11th President of the Supreme Court
- In office 8 June 1843 – November 1844
- Preceded by: Manuel Mora Fernández
- Succeeded by: Luz Blanco y Zamora

Magistrate of the Supreme Court of Justice
- In office 14 May 1847 – 8 May 1850
- In office 8 June 1843 – November 1844
- In office 29 April 1835 – 12 March 1839

Personal details
- Born: José Ramón Castro y Ramírez 8 December 1795 San José, Captaincy General of Guatemala, Spanish Empire
- Died: 27 May 1867 (aged 71) San José, Costa Rica
- Spouse: María Lorenza Madriz Cervantes ​ ​(m. 1818; died 1870)​
- Children: José María Castro Madriz
- Relatives: Antonio Pinto Soares (brother-in-law) Juan de los Santos Madriz y Cervantes (brother-in-law)

= Ramón Castro y Ramírez =

Costa Rican judge and politician (1795–1867)

José Ramón Castro y Ramírez (8 December 1795 – 27 May 1867) was a Costa Rican judge, landowner and politician who served as the 11th President of the Supreme Court of Justice from 1843 to 1844. He was a magistrate of the country's highest court during three separate periods between 1835 and 1850 and also served several terms in the Senate.
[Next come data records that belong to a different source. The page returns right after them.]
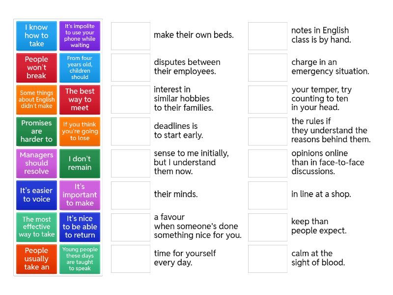 Managers should resolve - disputes between their employees., The best way to meet - deadlines is to start early., It’s important to make - time for yourself every day., It’s impolite to use your phone while waiting - in line at a shop., If you think you’re going to lose - your temper, try counting to ten in your head., From four years old, children should - make their own beds., People won’t break - the rules if they understand the reasons behind them., It’s easier to voice - opinions online than in face-to-face discussions., I know how to take - charge in an emergency situation., The most effective way to take - notes in English class is by hand., I don’t remain - calm at the sight of blood., People usually take an - interest in similar hobbies to their families., Some things about English didn’t make - sense to me initially, but I understand them now., It’s nice to be able to return - a favour when someone’s done something nice for you., Young people these days are taught to speak - their minds., Promises are harder to - keep than people expect.,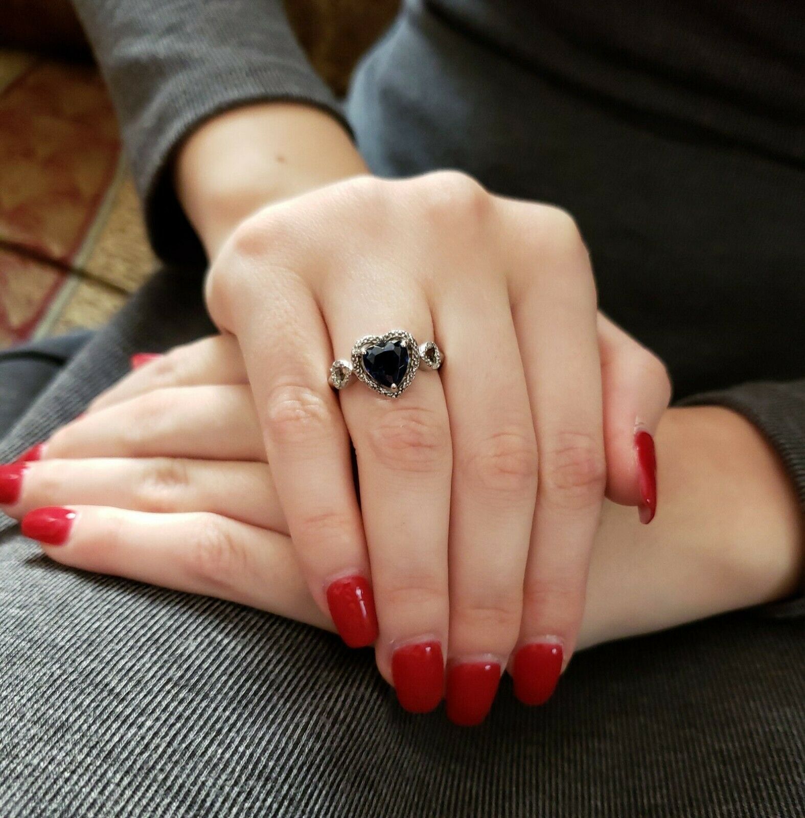 2ct Engagement Ring Heart Cut Blue Sapphire Halo Solitaire 14k White Gold Finish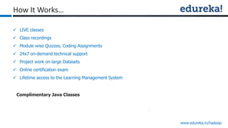 The document provides an overview of Edureka's Hadoop course, detailing weekly topics such as big data, HDFS, and data analytics tools like Pig and Hive, along with practical assignments and project work. It emphasizes the importance of big data across industries, showcasing its implications for competition and operational efficiency. Additionally, it outlines the Hadoop ecosystem, its core components, and its advantages in processing large datasets.

He was the father of President José María Castro Madriz.

==Biography==

José Ramón Castro y Ramírez was born in San José on 8 December 1795, the son of Francisco Castro y Alvarado and María de la Trinidad Ramírez y Ulloa. His sister, María del Rosario Castro, was married to Antonio Pinto Soares, who briefly served as acting Head of State of Costa Rica in 1842.

On 1 April 1818, he married Lorenza Madriz y Cervantes. The couple had one son, José María Castro Madriz, who later became the first President of Costa Rica.

Castro was involved in both public service and agricultural activities throughout his life. He served as port captain of Puntarenas and was appointed a magistrate of the Superior Court of Justice, serving from 1835 to 1839. On 8 June 1843, the Constituent Assembly appointed him president of the Judicial Chamber, then the country's highest judicial body. He held the position until 1844, presiding over a court composed of magistrates Juan Rafael Ramos, Juan González y Reyes, and Ramón Gómez, with Santos Velázquez y Tinoco serving as prosecutor.

In addition to his judicial career, Castro was active in national politics. He served as a senator from 1845 to 1847, returned to the judiciary as a magistrate from 1847 to 1850, was elected alternate senator in 1863, and again served as senator from 1864 until his death.

Although he held several public offices, agriculture remained his principal occupation. During the last fifteen years of his life, he resided primarily on his coffee plantation near San José. He was also known as a benefactor of the town of Escazú.

Castro died in San José on 27 May 1867.